- Work to be completed
Go to the line holding "Tanggal Lelang: 14/04/2026 | 13:00 WIB" in the data below and repeat it exactly, then each line after it up to and including the one holding "Il est utilisé". Omit pictures.
Provided data Block Start
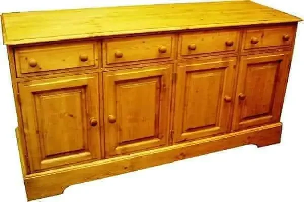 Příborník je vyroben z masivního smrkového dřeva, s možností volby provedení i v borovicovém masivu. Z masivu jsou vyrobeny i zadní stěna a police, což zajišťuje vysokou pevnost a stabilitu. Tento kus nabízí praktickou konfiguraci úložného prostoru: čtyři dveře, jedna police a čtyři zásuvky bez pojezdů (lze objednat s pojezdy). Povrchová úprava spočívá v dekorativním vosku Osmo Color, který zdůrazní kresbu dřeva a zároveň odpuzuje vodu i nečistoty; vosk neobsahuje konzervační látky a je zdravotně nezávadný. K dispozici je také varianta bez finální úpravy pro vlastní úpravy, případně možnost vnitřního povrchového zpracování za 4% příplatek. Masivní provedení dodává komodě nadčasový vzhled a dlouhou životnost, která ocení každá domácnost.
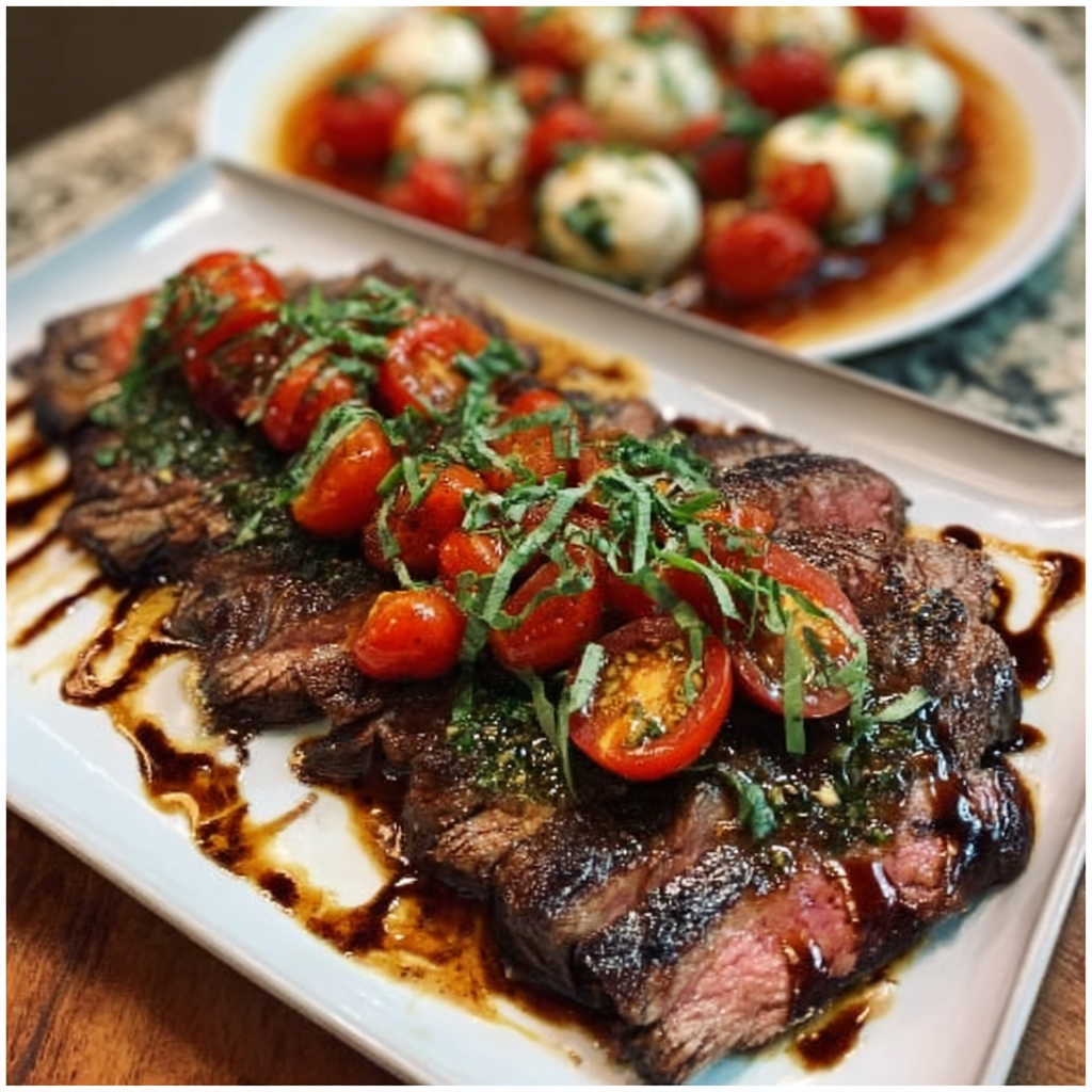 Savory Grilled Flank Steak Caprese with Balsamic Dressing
Provided data Block End
Provided data Block Start
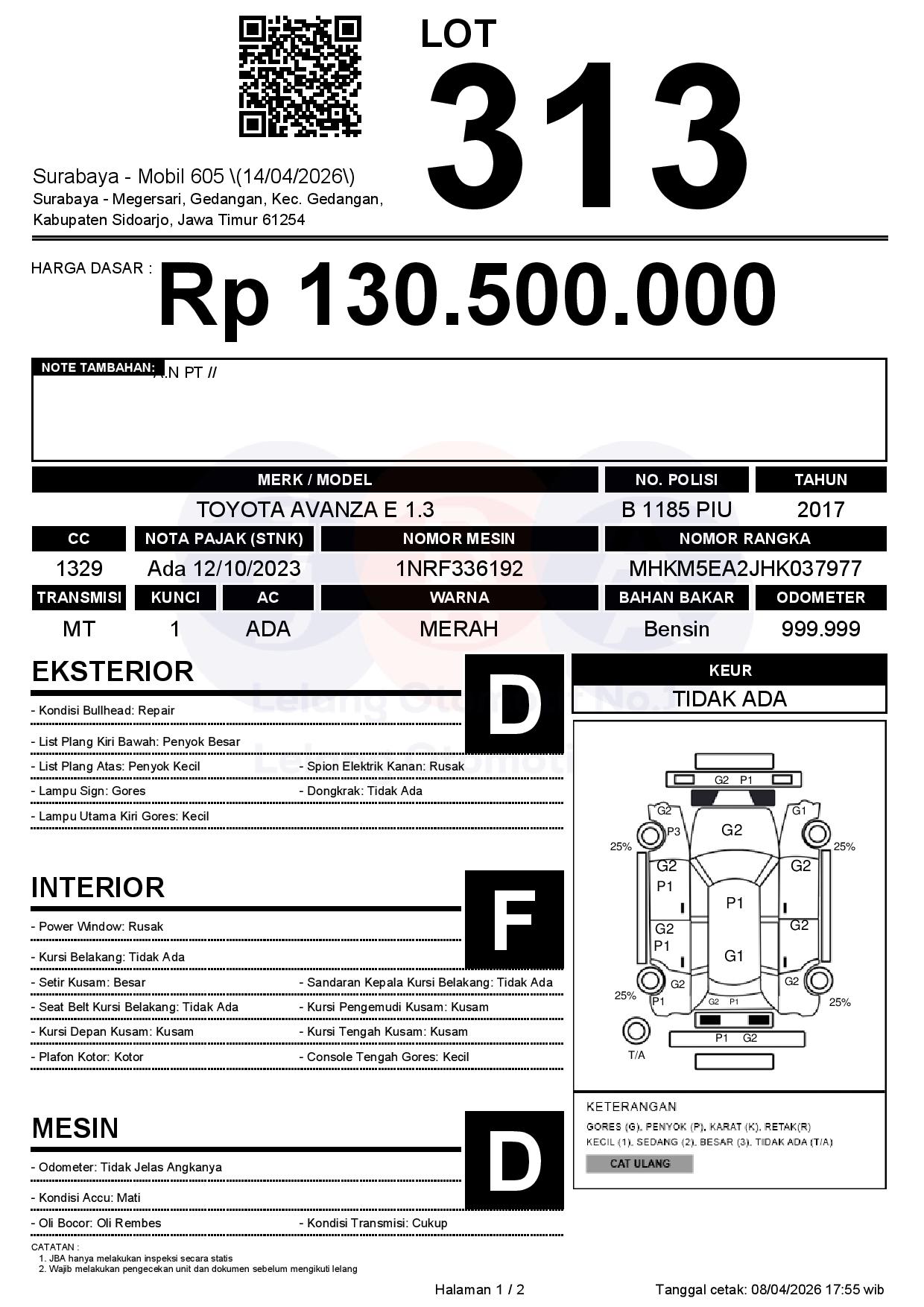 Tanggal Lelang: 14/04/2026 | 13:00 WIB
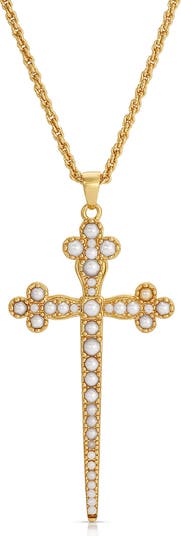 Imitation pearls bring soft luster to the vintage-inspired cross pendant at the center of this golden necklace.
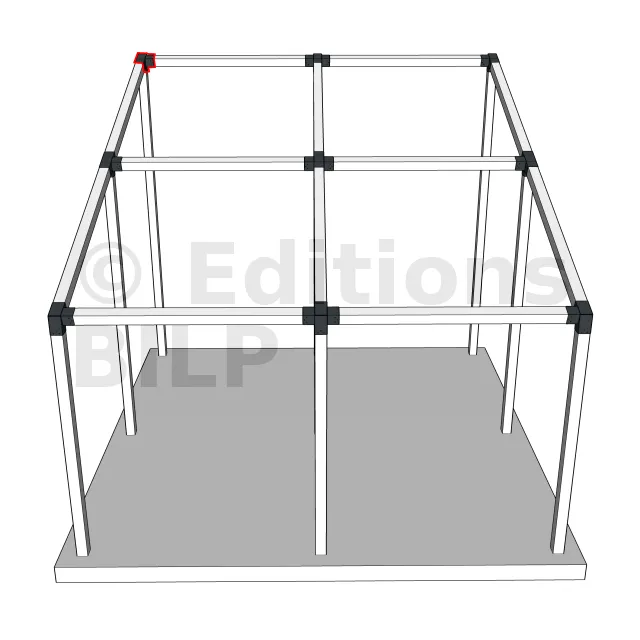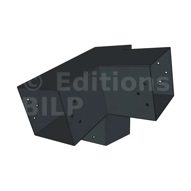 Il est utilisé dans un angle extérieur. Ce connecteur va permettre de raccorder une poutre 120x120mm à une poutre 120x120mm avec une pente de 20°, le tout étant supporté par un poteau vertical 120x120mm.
Provided data Block End
Provided data Block Start
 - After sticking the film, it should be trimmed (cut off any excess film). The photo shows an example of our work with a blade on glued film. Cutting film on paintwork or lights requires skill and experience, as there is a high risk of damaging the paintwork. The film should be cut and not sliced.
Provided data Block End
- Response area
 Tanggal Lelang: 14/04/2026 | 13:00 WIB
 Imitation pearls bring soft luster to the vintage-inspired cross pendant at the center of this golden necklace.
 Il est utilisé dans un angle extérieur. Ce connecteur va permettre de raccorder une poutre 120x120mm à une poutre 120x120mm avec une pente de 20°, le tout étant supporté par un poteau vertical 120x120mm.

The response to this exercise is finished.